The MetroLab Network has partnered with Government Technology to provide readers with a segment called the MetroLab Innovation of the Month series. This segment focuses on influential technology, data and innovation projects underway between cities and universities. If you would like to know more or contact the project leader, please contact MetroLab ([email protected]) for more information.

This month’s Innovation of the Month series of articles focuses on Equi Tensors. This is a project that reflects and raises awareness of data science and AI applications, opportunities, and potential misuse applied to mobility and transportation. Fairness and diversity. MetroLabs Josh Schacht spoke with Project Leader Bill Howe, Associate Professor of Informatics at the University of Washington, Associate Professor of Computer Science and Engineering, and Associate Director and Senior Data Science Fellow of the UW eScience Institute.

Josh Schacht: Please tell us about the origin of this project and the big picture issues it is working on.

Bill Howe: I started the EquiTensors project after observing that most open data wasn’t really underutilized. There are many reasons for this, and the reliability, source, and structure of the data can make it difficult to use. So we start thinking about what people usually want to do with the data, and more and more people want to train some predictive model.

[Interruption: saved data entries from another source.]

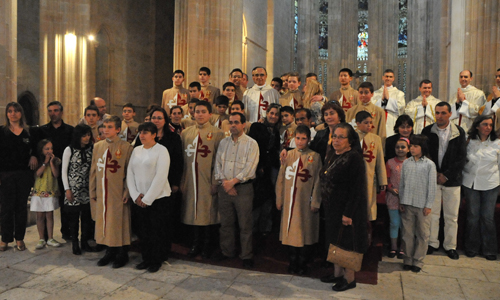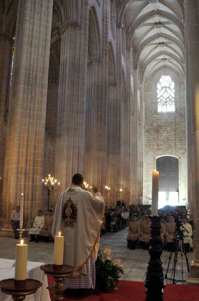 No histórico Mosteiro da Batalha, 30 jovens rejubilaram-se, juntamente com suas famílias, pela recepção do hábito dos Arautos do Evangelho, das mãos do Monsenhor João Scognamiglio Clá Dias, fundador e presidente geral da instituição.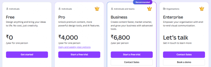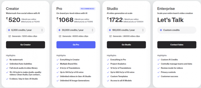 Starting price: Canva offers a generous free plan with essential video tools, while Canva Pro sits at a mid-tier subscription point with brand kits, premium templates, and collaboration features unlocked.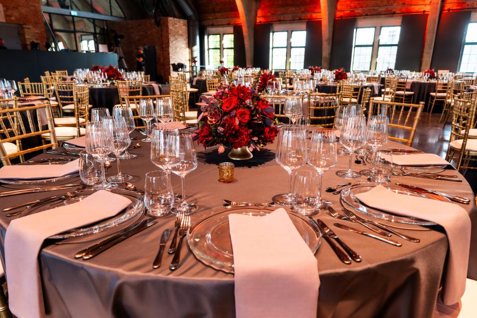 Wir hatten die Ehre, das WECC in Berlin mit eleganten Tischen, edlen Chiavari Stühlen in gold und einer prächtigen Tischdekoration auszustatten.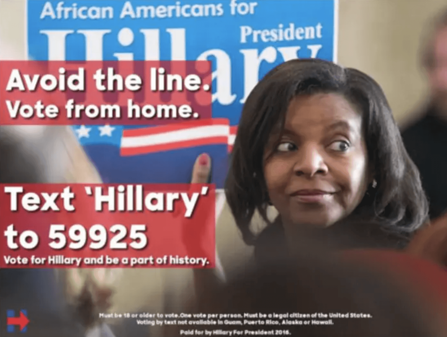 The conspiracy in question stemmed from a series of posts, meant to look like they were from the former Secretary of State and 2016 Democratic presidential nominee, encouraging Black and Latino supporters to vote by text message or through social media, knowing that those votes would not actually be counted. One of those posts showed a Black woman holding a sign, and another post was in Spanish, and included the Clinton campaign logo with fine print attached that read "Hillary for President."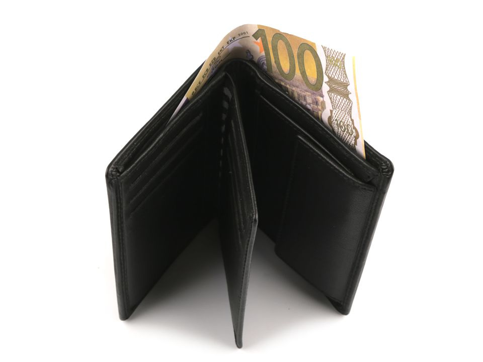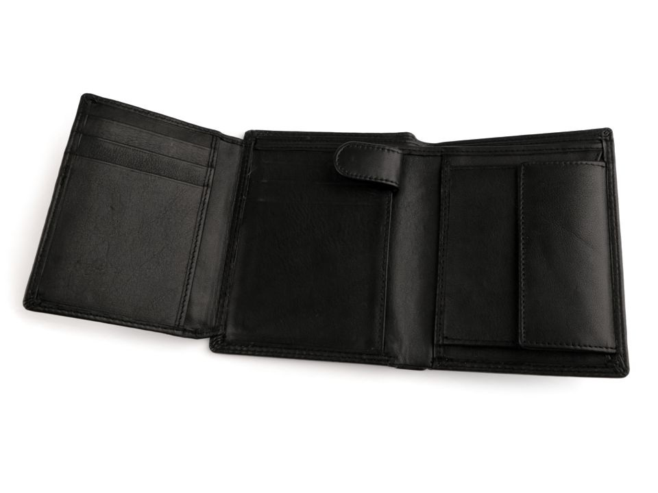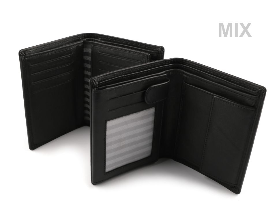 Peněženka č.1 má 2 velké přihrádky na rozložené bankovky a až 14 přihrádek na karty. 1 přihrádka má průhledné okénko. Mincovník má tvar rozkládací kapsy, zapíná se na klopu na patentku.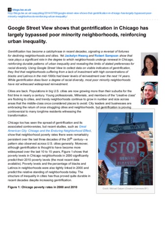 Gentrification has become a catchphrase in recent decades, signaling a reversal of fortunes for declining neighborhoods and cities. Yet Jackelyn Hwang and Robert Sampson show that race plays a significant role in the degree to which neighborhoods undergo renewal in Chicago, reinforcing durable patterns of urban inequality and revealing the limits of stated preferences for racial diversity. Using Google Street View to collect data on visible indicators of gentrification, they find that neighborhoods suffering from a lack of investment with high concentrations of blacks and Latinos in the mid-1990s had lower levels of reinvestment over the next 14 years. While gentrification does favor a degree of racial diversity, most poor minority neighborhoods have not witnessed widespread reinvestment.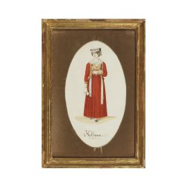 due acquarelli firmati "Salvatore Busuttil 1829" e due acquarelli, non di mano di Busuttil, raffiguranti una figura femminile e un saltarello romano, varie misure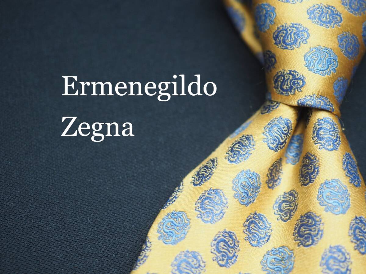 - 美品【Ermenegildo Zegna エルメネジルドゼニア】 F2379 金系 龍 SILK ブランド ネクタイ 古着 良品 転売 仕入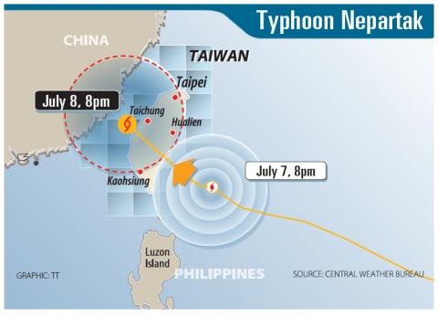 As of 8:30pm yesterday, the center of Nepartak was 180km southeast of Taitung. It was moving northwest toward Taitung at 14kph, according to the Central Weather Bureau.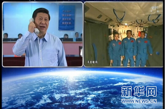 6月24日,中共中央總書記、國家主席、中央軍委主席習近平來到北京航天飛行控制中心,同正在天宮一號內執行任務的神舟十號航天員聶海勝、張曉光、王亞平通話。新華社發(截屏照片)

But cities are complex systems, so everything interacts with everything else. Waste management services can depend on traffic volume, which can depend on income distribution as well as weather. The Travel Planner app may need to work with hundreds of datasets to train a good model.

So I started thinking of the idea that there are thousands of datasets where all of the city’s dynamics are in different windows. What if we could collect these dynamics more directly? If so, anyone can enable the prediction application without having to find, download and process hundreds of interrelated datasets. Instead, you can use a learned feature called EquiTensors.

Schacht: How does this project improve existing forecasting methods?

Howe: Companies and institutions using EquiTensors reduce the effort of downloading and processing multiple datasets by including signals from datasets that are otherwise inaccessible, and protect them from making unreasonable predictions. You can reduce training time and improve accuracy. In addition, you may be surprised at which dataset is predictive. EquiTensors’ kitchen sink approach eliminates this decision.

Schacht: Please tell us how this project focuses on fairness and privacy.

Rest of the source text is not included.